By use of an apt illustration from the science of astronomy, Mullins makes two points: 1) the indispensability of the Bible for knowing God, and 2) the folly and lack of integrity of those who wrongly charge believers with worshipping the Bible. He said, "The telescope is interposed between the eye and the heavenly body. The astronomer is not accused of worshipping the telescope or advised to pursue the science of astronomy without its aid. The telescope tells him what he could never discover without it. He relies upon it as an 'authority,' and carries forward the discoveries of science."
Mullins concludes that "the objector to an authoritative Bible is on the wrong scent altogether. He is unconvinced by arguments for an infallible or inerrant Bible, or he is unwilling to accept the decree of the early councils which may be supposed to have fixed the canon of Scripture. From these premises he proceeds to the attempt to convict the others of bibliolatry. But he has missed the point entirely. He has torn the Bible away from its true context in its own spiritual order and judged it thus."1
Many "moderates" who often champion Mullins, will actually find little comfort in his writings. Their outlook is, in fact, profoundly antagonistic to his high view of Holy Scripture.
1963 — An Unseen Pitfall
When the BF&M was revised in 1963 to declare, "The criterion by which the Bible is to be interpreted is Jesus Christ," many initially viewed the change as benign. However, during the intervening years, some who deny the trustworthiness of the Bible have used the phrase to cloak their denials with respectability. The teachings of T.C. Smith, former professor at Southern Seminary and Furman University, are illustrative.
Smith was an insider, not a curiosity on the fringes of his profession. His peers demonstrated their acceptance and respect by selecting him as president of the Association of Baptist Professors of Religion (ABPR).
In the 1970 meeting of the ABPR, less than seven years after the BF&M revision, Smith attacked the inerrancy of the Bible. He declared, "We need to come up with a concept that is more suitable to ourselves, our students, and our conventions." He further insisted that modern Christians should have the liberty to determine their own canon of Scripture, claiming, "Modern scholarship has more valid criteria for selection of the canon than did religious leaders sixteen centuries ago."

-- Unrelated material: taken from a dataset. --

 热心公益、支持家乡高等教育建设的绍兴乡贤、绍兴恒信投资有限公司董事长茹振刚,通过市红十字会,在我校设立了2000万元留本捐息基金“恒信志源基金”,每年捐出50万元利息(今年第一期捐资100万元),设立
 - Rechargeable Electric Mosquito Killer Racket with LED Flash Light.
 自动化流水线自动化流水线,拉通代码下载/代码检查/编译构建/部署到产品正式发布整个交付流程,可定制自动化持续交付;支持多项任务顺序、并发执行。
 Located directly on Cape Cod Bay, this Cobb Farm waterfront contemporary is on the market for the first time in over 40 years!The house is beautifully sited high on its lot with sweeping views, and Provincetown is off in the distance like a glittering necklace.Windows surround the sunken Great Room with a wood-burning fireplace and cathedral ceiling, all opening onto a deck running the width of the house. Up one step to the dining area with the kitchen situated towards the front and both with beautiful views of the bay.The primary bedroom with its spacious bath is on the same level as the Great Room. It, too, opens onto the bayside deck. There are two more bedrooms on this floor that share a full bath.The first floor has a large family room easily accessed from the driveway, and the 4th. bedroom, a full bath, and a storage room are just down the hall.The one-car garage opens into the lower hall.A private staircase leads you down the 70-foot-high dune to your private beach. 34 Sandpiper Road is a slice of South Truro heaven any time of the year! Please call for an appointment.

In an article entitled "The Canon and Authority of the Bible" in the Spring 1974 issue of Perspectives in Religious Studies, Smith writes about the Bible, " Some of the ethical standards, crude religious ideals, and behavior of the characters portrayed in its pages are strictly out of place in a civilized society. Judged by the teachings of Jesus much of its poetry dishonors the character of God. We can make such judgments about portions of the Bible because we possess the central fact of the record. This is the revelation of God in Christ. … If we should ask questions about the authority of the Bible, it is not God's authority that we are questioning. It is the reliableness of the authors who wrote the various books. The letters of Paul to the churches at Corinth carry 'as much weight as we are prepared to allow to Paul as a religious teacher, but how far God speaks through Paul is another matter.' Only in the sense that it is not incompatible with its human imperfections can we appropriately speak about the authority of the Bible." (emphasis added)
Smith, in reality, equates the standards of his conception of "a civilized society" with "the teachings of Jesus." And he has the audacity to blame his rejection of Scripture on Jesus! In this system, it is not what Jesus specifically said, or actually taught, but what biased interpreters think compatible with "civilized society" — that mysteriously becomes the "teaching of Jesus."

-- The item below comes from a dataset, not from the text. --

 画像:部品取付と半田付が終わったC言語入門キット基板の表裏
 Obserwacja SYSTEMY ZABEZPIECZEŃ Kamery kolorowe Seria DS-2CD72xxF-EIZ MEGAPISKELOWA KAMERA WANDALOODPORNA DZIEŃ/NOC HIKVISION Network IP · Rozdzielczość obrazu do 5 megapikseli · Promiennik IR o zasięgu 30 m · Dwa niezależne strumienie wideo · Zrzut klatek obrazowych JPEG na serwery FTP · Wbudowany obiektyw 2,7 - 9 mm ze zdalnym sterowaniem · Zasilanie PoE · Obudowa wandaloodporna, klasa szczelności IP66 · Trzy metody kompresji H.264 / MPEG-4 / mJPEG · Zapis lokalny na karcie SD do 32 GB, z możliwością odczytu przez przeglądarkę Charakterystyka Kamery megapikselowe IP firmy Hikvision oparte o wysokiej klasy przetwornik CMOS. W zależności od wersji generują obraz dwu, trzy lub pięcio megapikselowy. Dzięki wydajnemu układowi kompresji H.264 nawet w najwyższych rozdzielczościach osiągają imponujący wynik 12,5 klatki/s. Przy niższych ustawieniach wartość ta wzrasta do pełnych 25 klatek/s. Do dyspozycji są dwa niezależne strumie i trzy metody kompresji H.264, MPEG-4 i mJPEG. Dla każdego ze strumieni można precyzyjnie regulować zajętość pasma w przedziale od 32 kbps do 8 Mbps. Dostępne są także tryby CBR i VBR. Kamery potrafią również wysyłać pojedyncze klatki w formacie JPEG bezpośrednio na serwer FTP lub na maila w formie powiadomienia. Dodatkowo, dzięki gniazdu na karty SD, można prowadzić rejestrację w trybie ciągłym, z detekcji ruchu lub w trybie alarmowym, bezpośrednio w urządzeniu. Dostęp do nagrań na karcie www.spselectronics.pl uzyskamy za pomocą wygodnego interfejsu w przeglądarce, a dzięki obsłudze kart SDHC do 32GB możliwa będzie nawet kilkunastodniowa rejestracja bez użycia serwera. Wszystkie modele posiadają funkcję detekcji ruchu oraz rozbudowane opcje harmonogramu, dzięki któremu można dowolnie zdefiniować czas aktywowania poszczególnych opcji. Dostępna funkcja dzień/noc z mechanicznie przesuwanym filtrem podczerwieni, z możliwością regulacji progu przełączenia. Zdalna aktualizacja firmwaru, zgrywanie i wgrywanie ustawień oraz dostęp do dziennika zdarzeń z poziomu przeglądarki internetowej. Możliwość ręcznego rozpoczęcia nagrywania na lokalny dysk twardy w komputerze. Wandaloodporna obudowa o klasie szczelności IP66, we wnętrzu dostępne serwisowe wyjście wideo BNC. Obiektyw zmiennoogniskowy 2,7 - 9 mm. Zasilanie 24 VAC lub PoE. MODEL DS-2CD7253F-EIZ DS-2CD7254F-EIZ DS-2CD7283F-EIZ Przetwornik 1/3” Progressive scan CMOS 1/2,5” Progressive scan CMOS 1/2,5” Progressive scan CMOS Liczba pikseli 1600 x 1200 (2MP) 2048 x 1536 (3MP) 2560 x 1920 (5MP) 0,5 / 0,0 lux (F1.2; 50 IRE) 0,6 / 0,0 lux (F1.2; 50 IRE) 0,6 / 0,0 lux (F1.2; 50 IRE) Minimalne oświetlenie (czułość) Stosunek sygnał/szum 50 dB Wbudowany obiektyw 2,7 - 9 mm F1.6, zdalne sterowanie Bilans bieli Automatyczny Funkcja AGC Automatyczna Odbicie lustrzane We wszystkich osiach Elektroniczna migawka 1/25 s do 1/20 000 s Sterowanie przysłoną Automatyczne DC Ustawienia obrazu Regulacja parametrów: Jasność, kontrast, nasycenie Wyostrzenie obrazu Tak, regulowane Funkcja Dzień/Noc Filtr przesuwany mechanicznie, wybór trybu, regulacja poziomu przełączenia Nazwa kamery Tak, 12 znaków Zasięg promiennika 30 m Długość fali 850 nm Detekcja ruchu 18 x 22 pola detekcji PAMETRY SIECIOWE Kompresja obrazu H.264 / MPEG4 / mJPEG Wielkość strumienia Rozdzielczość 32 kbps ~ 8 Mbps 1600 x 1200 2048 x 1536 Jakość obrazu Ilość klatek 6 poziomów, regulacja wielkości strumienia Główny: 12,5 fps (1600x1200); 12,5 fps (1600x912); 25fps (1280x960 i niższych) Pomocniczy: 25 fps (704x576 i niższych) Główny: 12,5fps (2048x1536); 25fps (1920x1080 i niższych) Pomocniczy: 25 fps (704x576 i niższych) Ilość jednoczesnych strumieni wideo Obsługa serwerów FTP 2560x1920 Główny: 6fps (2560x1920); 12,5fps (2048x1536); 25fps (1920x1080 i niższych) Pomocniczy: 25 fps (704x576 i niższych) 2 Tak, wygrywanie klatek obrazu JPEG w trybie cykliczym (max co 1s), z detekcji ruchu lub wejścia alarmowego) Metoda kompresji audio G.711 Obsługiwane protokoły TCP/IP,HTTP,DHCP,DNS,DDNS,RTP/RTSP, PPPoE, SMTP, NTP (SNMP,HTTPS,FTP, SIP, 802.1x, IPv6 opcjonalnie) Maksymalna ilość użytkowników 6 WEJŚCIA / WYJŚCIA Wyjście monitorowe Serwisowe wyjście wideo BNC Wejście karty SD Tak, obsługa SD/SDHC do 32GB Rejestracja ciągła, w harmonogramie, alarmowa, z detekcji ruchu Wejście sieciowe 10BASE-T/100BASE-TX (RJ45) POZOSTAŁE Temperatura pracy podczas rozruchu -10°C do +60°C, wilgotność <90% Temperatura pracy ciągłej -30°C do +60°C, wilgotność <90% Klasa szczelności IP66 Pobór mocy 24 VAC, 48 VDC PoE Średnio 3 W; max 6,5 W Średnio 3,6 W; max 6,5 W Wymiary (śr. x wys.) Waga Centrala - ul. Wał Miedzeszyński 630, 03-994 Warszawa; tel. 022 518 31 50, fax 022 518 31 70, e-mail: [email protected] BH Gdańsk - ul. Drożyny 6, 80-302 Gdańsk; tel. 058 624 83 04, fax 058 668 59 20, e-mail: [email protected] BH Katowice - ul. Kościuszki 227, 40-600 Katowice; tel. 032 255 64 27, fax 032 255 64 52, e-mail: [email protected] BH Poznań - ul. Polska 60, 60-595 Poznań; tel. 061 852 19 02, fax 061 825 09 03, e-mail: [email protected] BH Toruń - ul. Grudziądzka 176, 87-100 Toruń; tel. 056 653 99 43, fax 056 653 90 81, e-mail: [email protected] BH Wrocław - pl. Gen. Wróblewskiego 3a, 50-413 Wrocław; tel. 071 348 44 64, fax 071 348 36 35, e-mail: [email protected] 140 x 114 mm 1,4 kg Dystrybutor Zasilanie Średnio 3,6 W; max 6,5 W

We are not left to wonder what Jesus' teachings about the Bible were. He is on the record! He referred to the Scripture in its entirety as the very Word of God.2 He taught that it was irrevocable and permanent.3 He treated it as fully authoritative.4 Praying for His disciples, He asked the Father, "Sanctify them in the truth, Thy Word is truth."5 He taught that it points to Him,6 and that He is its fulfillment.7
Misrepresenting the teachings of Jesus is an affront to God the Son! This approach is precisely why many concerned Southern Baptists came to mistrust the revised language. They may not have known all the nuances of theological categories, or the sophistries of theological elites, but they knew that those who wished to undermine and undercut the authority of Scripture too easily subverted the phrase. It has become a gaping hole in the wall of sound Bible interpretation through which a rapid succession of erroneous teachings, especially in the institutions of higher learning, invaded our community of faith.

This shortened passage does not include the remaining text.